Deputy Brouard, only a little tongue-in-cheek, described a ‘cabal’ who had designed a set of rules that meant a candidate could only promote themselves for election through a government designed and printed booklet, with a specified format, font size, type and word limit. 

The narrow 19-18 majority was secured by an unholy alliance between the principled (but naïve) views of some, combined with a cadre who welcome any opportunity to give the President of SACC, Deputy Carl Meerveld, a good kicking for perceived past disloyalty and others who just wanted to strangle the possible development of any political parties.

Deputy Carl Meerveld

Pictured: Deputy Carl Meerveld.

The principled argument is that it is just ‘not fair’ to have a spending limit which some potential candidates will not have the resources to spend up to and therefore having a higher limit will put off some possible candidates. 

The fatal flaw with this argument is there is no number, however low, to which that number does not apply.

By plucking another number from thin air, which it was, without reference to the evidence presented of costs that might reasonably be incurred, the States has agreed to a regime which will prevent candidates from campaigning in the way they see fit for themselves.

Whilst all international norms accept that there must be some reasonable limits on election spending, the principle of allowing ‘effective campaigning’ is a central tenet of the international norms and protocols. 

If a candidate wants to spend within their limit on glitzy advertising or some stunt, surely the electorate are entitled to see and judge that for themselves? 

Voters don’t need the government to shield them from candidates’ self-promotion. They are not stupid and will make their own judgement on the suitability of that candidate. 

Having spending limits which to all in intents and purposes discourage or prevent candidates bandying together – whether you personally dislike the concept of political parties or not – is both anti-democratic and in breach of human rights of free political association. 

While it is unlikely anyone will have the appetite or deep enough pockets to challenge the decision on these grounds, it is a racing certainty that election observers will be critical of these limits, albeit only after they have observed the election - which is, by definition, too late.

vote.jpg

Pictured: Guernsey's next election is in June 2025.

The candidates’ £3,000 limit is the same in real terms as the £2,300 that was allowed when a candidate was still able to knock on every door in the last general election fought with seven districts in 2016. 

Even having adjusted for the size of the electorates, it is lower than any comparable or neighbouring jurisdiction, including Jersey, the Isle of Man and the UK. A further restriction sees the election period during which the spending limits apply being doubled from 6 to 12 weeks.

The States know that this decision is one which very few members of the public will be following with much interest. 

To many, it may seem like a dry, technical detail of electoral law, but it is disingenuous or naïve to suggest it will do anything other than benefit incumbents, especially those with an established profile, website and social media presence. Just because some incumbents may not get re-elected does not provide empirical evidence that there is no advantage. This decision will make it harder for the electorate to distinguish one candidate from another. 

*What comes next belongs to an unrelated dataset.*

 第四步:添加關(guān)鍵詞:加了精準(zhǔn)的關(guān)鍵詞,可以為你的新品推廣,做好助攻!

Voters will be left to select preferred candidates from a government promoted, Argos-style catalogue with possibly the key distinguishing features being how photogenic candidates are and whether or not they are wearing a hat.

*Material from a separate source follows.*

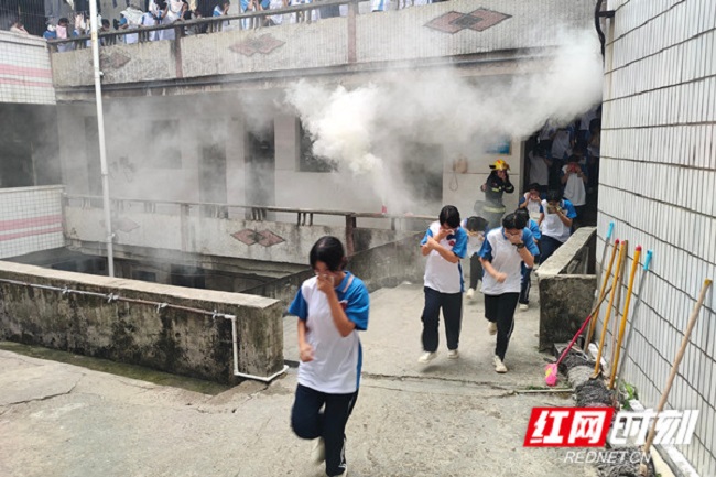 随着警报声响起,演练正式开始。学校第一时间启动紧急避险预案,在教官和消防救援人员的疏散引导下,学生们纷纷伏低身姿,利用衣物捂住口鼻,沿着楼道、楼梯通过各个安全出口,安全、快速、有序地撤离“火灾”现场,到达安全地带。
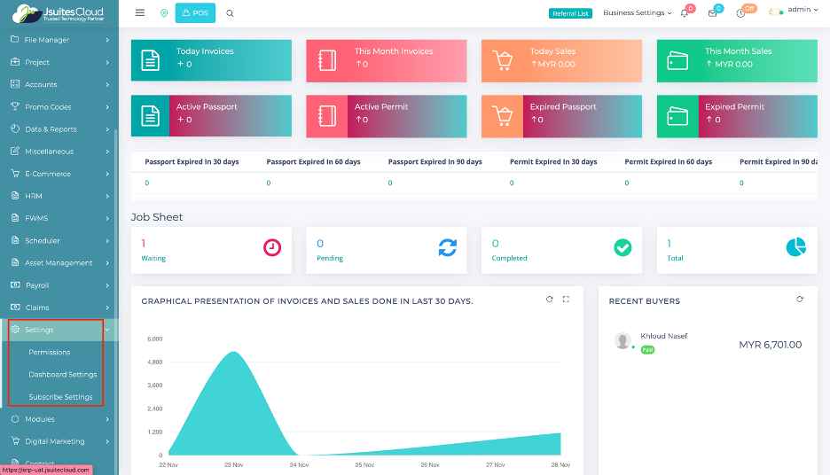 The Settings section in an Enterprise Resource Planning (ERP) system is a crucial area that allows users to configure and customize various aspects of the system to align with the organization's specific needs and requirements. In this manual, we will explore three key components within the Settings section: Permissions, Dashboard Settings, and Subscribe Settings.

Members of this States were elected in 2020 with the benefit of considerably higher spending limits, over a shorter election period and the opportunity to seek reimbursement from public funds of the first £500. 

Those same members have removed the £500 grant, doubled the election period and more than halved the spending limits in real terms for anyone seeking their seats in 2025. If that feels unfair, you’d be right. 

It also makes the case to take these matters out of self-serving hands and putting them in the hands of an independent electoral commission.